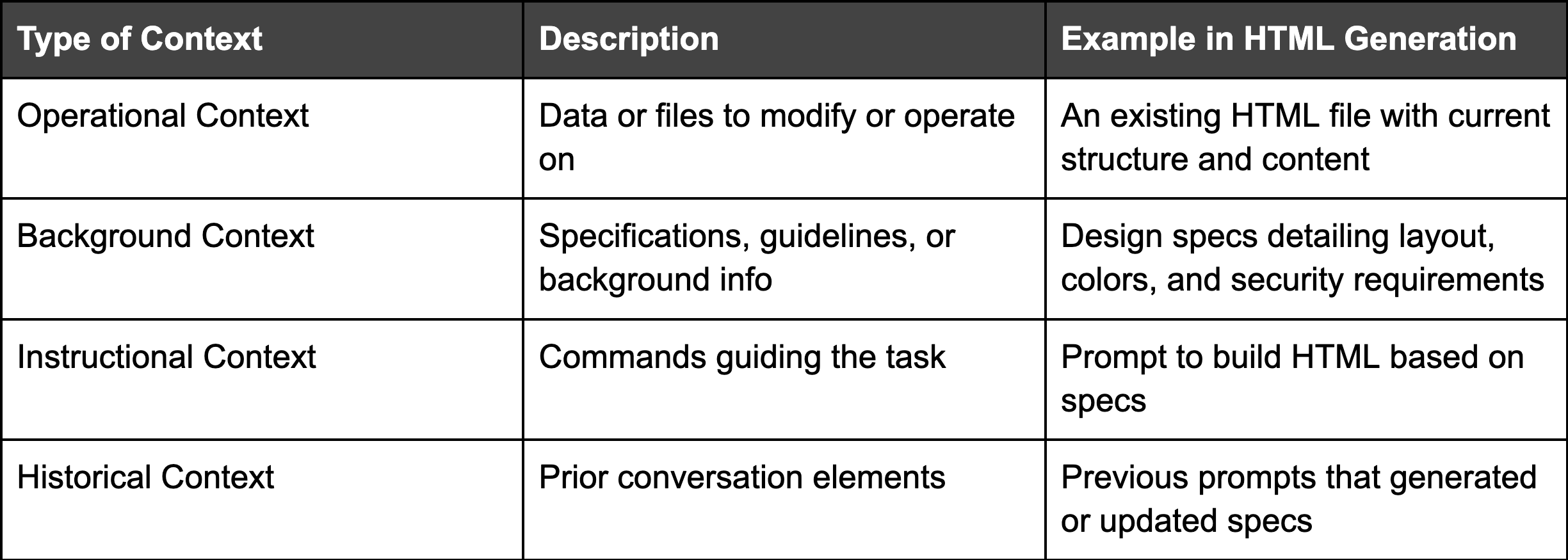 • Operational Context: This includes the core data or files that the model needs to act upon directly. For example, in code generation tasks, this might be an existing HTML file that requires modifications. Operational context is actionable and specific, forming the “what” of the task.
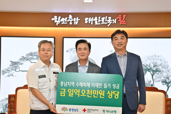 [충청뉴스 권상재 기자] 충남도는 19일 도청 접견실에서 하나은행으로부터 호우 피해 복구를 위한 지정 기탁금 5000만 원과 기부 물품 등 총 1억 5000만 원 상당을 전달받았다.
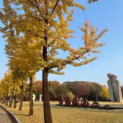 Olympic Park is really huge and they have a lane of ginko tree leaves that is the first photo.. so it is the best time to go down with the dropping of yellow 🍂 They are so beautiful you can spent hours taking photos there . You may also find the lone tree in Olympic park.
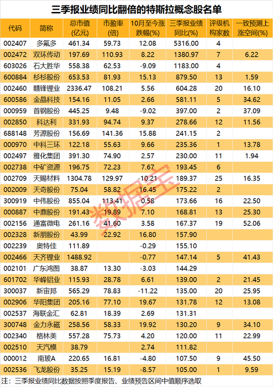 证券时报·数据宝统计三季报业绩同比翻倍的特斯拉概念股名单显示,11股获机构关注度较高,均有10家及以上机构参与评级。最受瞩目的3股分别为天赐材料、赣锋锂业和新宙邦,评级机构各有25家、20家和20家。另有11股机构预测上涨空间逾20%;通富微电以52.06%的幅度高居榜首,南玻A、天齐锂业紧随其后,上涨空间均在40%以上。
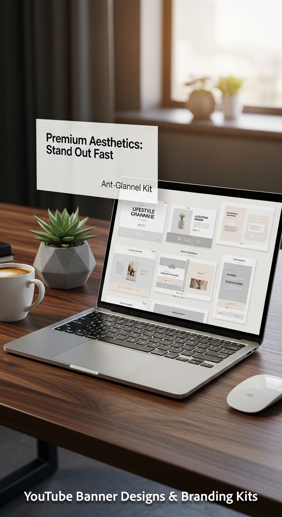 A highend desk with a laptop displaying a cohesive lifestyle channel kit overlay text Premium Aesthe
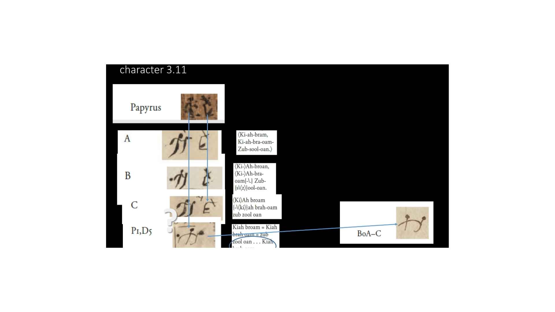 Here’s a really interesting one. So as we look at the characters on the papyrus—and that’s part of what we have to do as well, is look at the papyrus characters and see how they end up on the alphabet and grammar, and so on and so on.
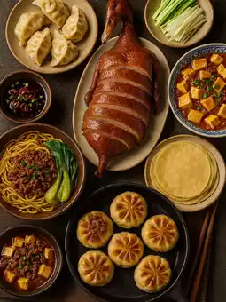 • Signature dishes:• Peking Duck: Crispy skin, tender meat, served with dumplings and sauce.
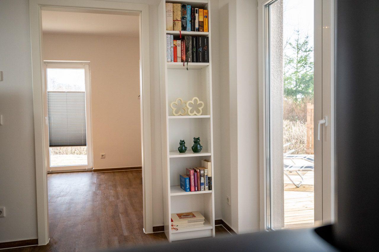 Das Ferienhaus "Schilfblick" ist nur 50 m Luftlinie vom Müritzsee entfernt. Schlendern Sie am Seeufer weiter und erreichen Sie nach weiteren fünf Minuten den kleinen Badestrand. Das sehr geschmackvolle, helle und komfortabel ausgestattete Ferienhaus bietet mit seinen 2 Schlafzimmern Platz für 4 Erwachsene. Zudem hat es vom Wohnzimmer und der offen gestalteten Küche aus einen direkten Zugang auf die große Terrasse mit Außengrill. Hier können Sie in aller Ruhe den Tag mit einem gemütlichen Frühstück beginnen oder bei einem Glas Wein am Abend ausklingen lassen. An kalten Wintertagen sorgt der Kaminofen im Wohnbereich für zusätzliche Wärme und Gemütlichkeit. Parken können Sie mit 2 Autos direkt am Haus. Das Objekt ist komplett eingezäunt und verfügt über Fliegengitter .(auch im Badezimmer) und WLAN. Gardinen im Wohnbereich wurden ebenfalls nachgerüstet.
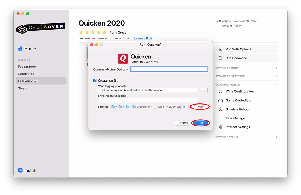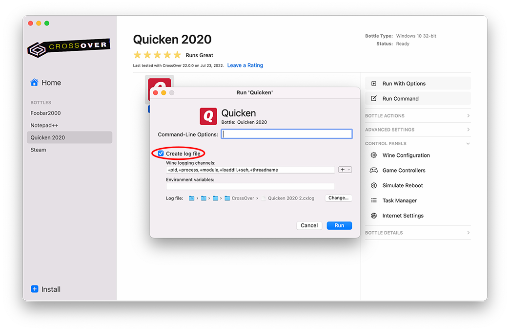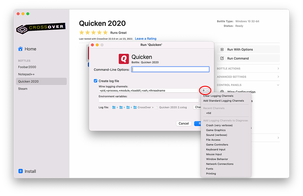 Capturing a log under CrossOver 14.x and earlier
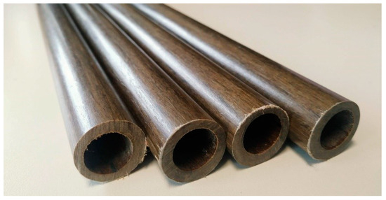 The so-called LeichtPRO-Profiles produced in this research are made from natural flax fiber rovings reinforced with a custom bio-based matrix system. They are round and hollow, with a diameter of 25 mm and a wall thickness of 4 mm, and can be manufactured to any length. Developed as structural components for various applications, these profiles underwent extensive mechanical testing to determine their properties. They have a compression strength of 118 MPa and an average flexural strength of 300 MPa. They exhibit notable flexibility, with a minimum radius of 2.4 m after a certain length, while shorter sections under 2 m display excellent compression behavior [8,9]. This characteristic inspired their use in this project for tensegrity structures, utilizing short compression bars.
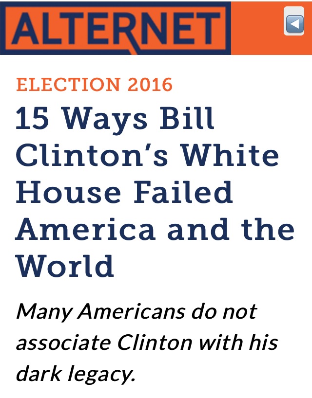 I for one am ready for that real change and have been since ‘92 when we had the opportunity to elect Jerry Brown instead of Bill Clinton who gave us wall street deregulation that crashed the economy in 08 while he also rigged the system against the poor and middle class, deregulated the media so that the establishment voices could drown out all others, Pushed for the free trade agreements that have led to the outsourcing of tens of millions of good paying jobs to slave labor countries not only crushing the middle class, but stagnating wages of those still with jobs and crushing the labor movement. He pushed for and got policies that crushed the poor and communities of color with an escalation of the war on drugs, elimination of welfare as we know it, privatization of prisons and mass incarceration and a draconian crime bill that not only put mostly poor people into prison but then saw to it that they were adversely affected forever once they got out assuring that most would be unable to rebuild their lives and end up back in prison. But that’s not how the establishment tells any of it and thusly not how most people remember it. People remember the short term prosperity, but none of the long term consequences. Then they give his wife a false legacy to run on.
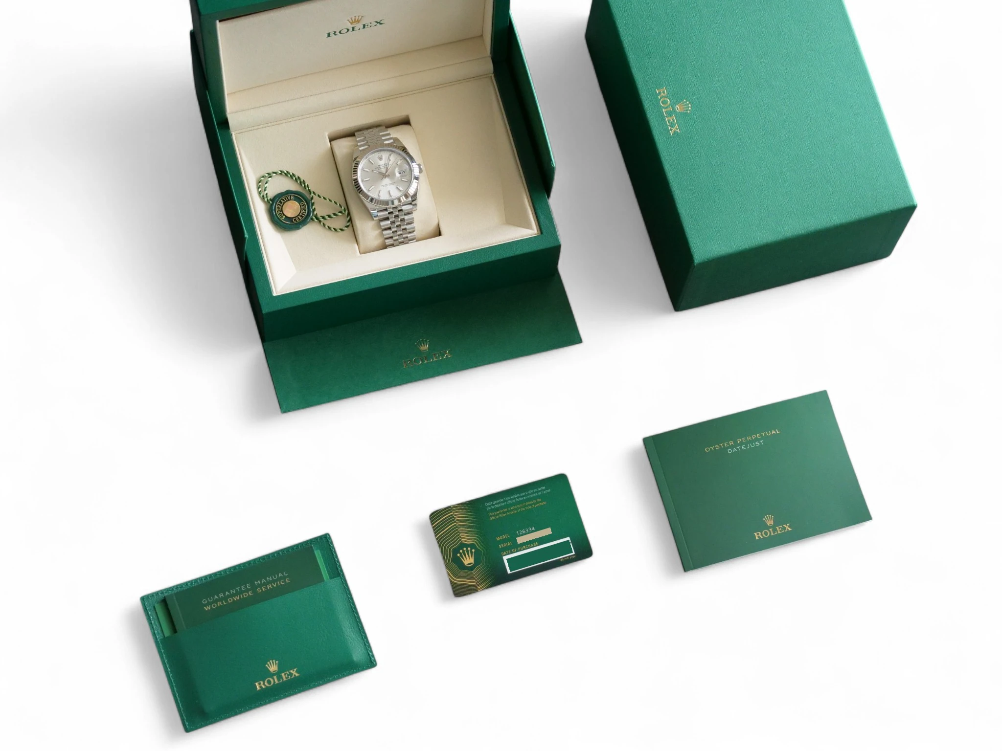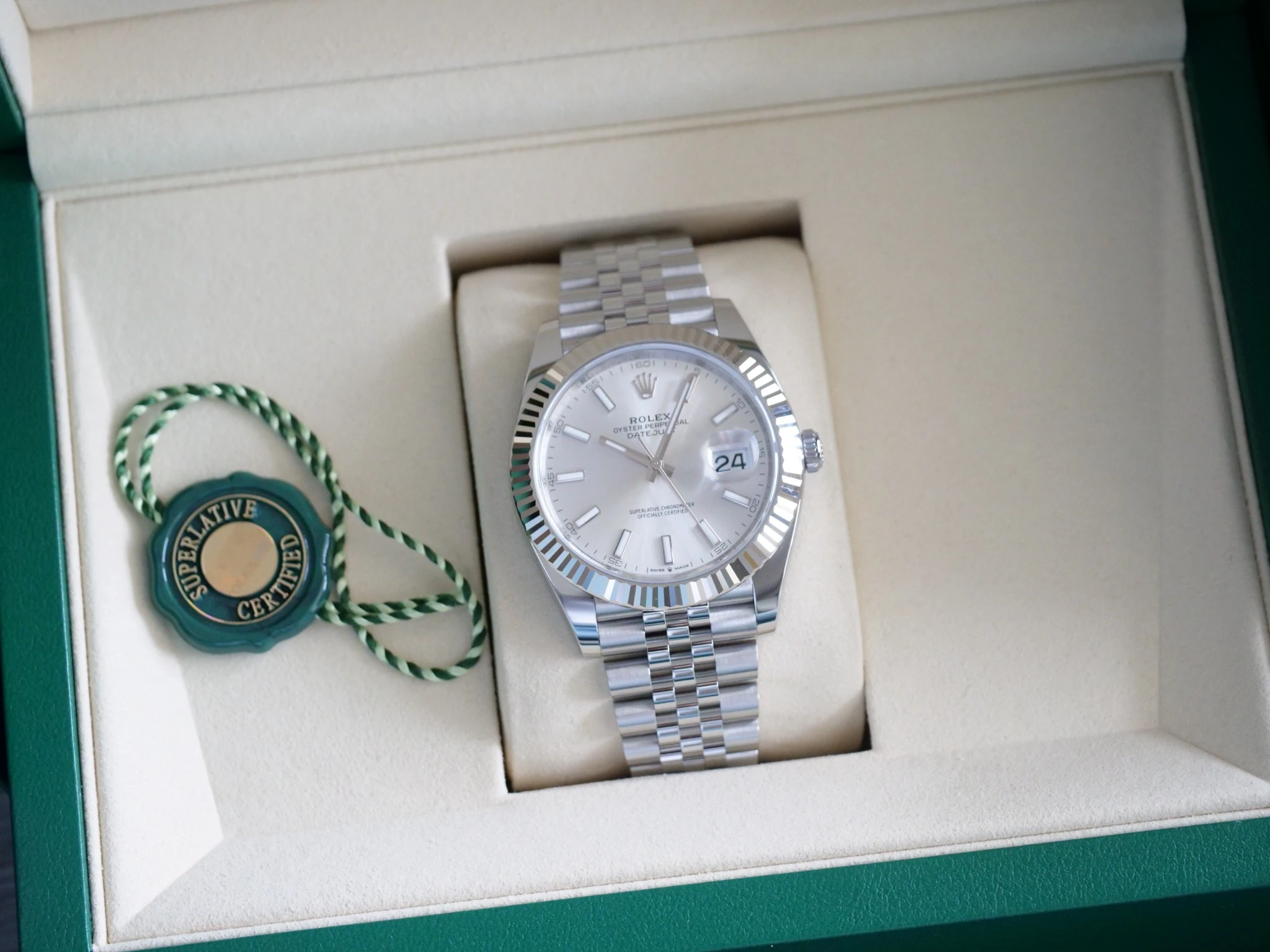 All photos are from the actual Rolex Datejust 41 126334 watch for sale including the photo with delivery contents and form part of the description. The photos are indicative of the condition of the watch, and the items that come included in the box.
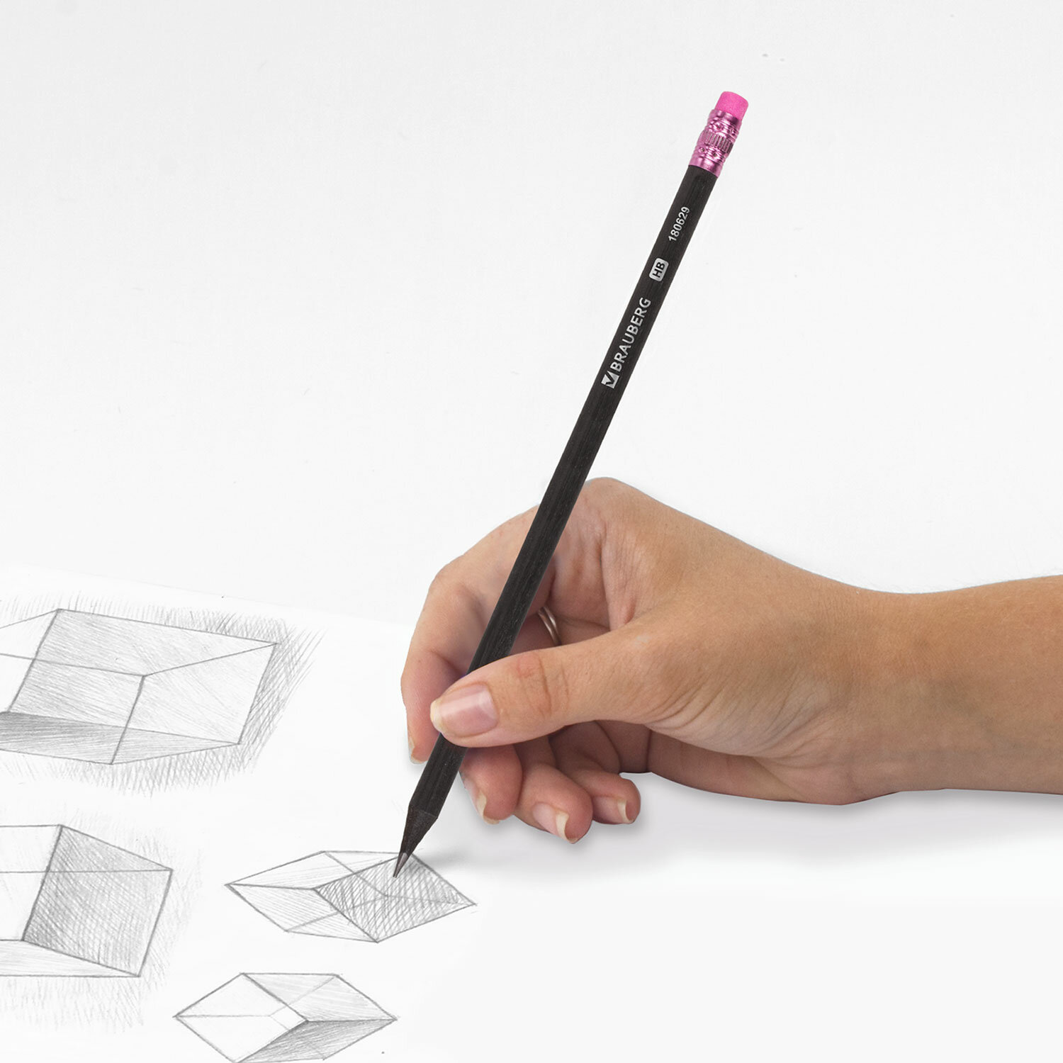 - Карандаш чернографитный BRAUBERG, 1 шт., "Black Wood", НВ, с ластиком ассорти, черное дерево, заточенный, 180629

------------------------

— About this task —
Using the data above, which lines fall from the one with "Olympic Park is" through the one with "Capturing a log"? Repeat them exactly, ends included, minus any pictures.

— Solution to this problem —
 Olympic Park is really huge and they have a lane of ginko tree leaves that is the first photo.. so it is the best time to go down with the dropping of yellow 🍂 They are so beautiful you can spent hours taking photos there . You may also find the lone tree in Olympic park.
 证券时报·数据宝统计三季报业绩同比翻倍的特斯拉概念股名单显示,11股获机构关注度较高,均有10家及以上机构参与评级。最受瞩目的3股分别为天赐材料、赣锋锂业和新宙邦,评级机构各有25家、20家和20家。另有11股机构预测上涨空间逾20%;通富微电以52.06%的幅度高居榜首,南玻A、天齐锂业紧随其后,上涨空间均在40%以上。
 A highend desk with a laptop displaying a cohesive lifestyle channel kit overlay text Premium Aesthe
 Here’s a really interesting one. So as we look at the characters on the papyrus—and that’s part of what we have to do as well, is look at the papyrus characters and see how they end up on the alphabet and grammar, and so on and so on.
 • Signature dishes:• Peking Duck: Crispy skin, tender meat, served with dumplings and sauce.
 Das Ferienhaus "Schilfblick" ist nur 50 m Luftlinie vom Müritzsee entfernt. Schlendern Sie am Seeufer weiter und erreichen Sie nach weiteren fünf Minuten den kleinen Badestrand. Das sehr geschmackvolle, helle und komfortabel ausgestattete Ferienhaus bietet mit seinen 2 Schlafzimmern Platz für 4 Erwachsene. Zudem hat es vom Wohnzimmer und der offen gestalteten Küche aus einen direkten Zugang auf die große Terrasse mit Außengrill. Hier können Sie in aller Ruhe den Tag mit einem gemütlichen Frühstück beginnen oder bei einem Glas Wein am Abend ausklingen lassen. An kalten Wintertagen sorgt der Kaminofen im Wohnbereich für zusätzliche Wärme und Gemütlichkeit. Parken können Sie mit 2 Autos direkt am Haus. Das Objekt ist komplett eingezäunt und verfügt über Fliegengitter .(auch im Badezimmer) und WLAN. Gardinen im Wohnbereich wurden ebenfalls nachgerüstet.
 Capturing a log under CrossOver 14.x and earlier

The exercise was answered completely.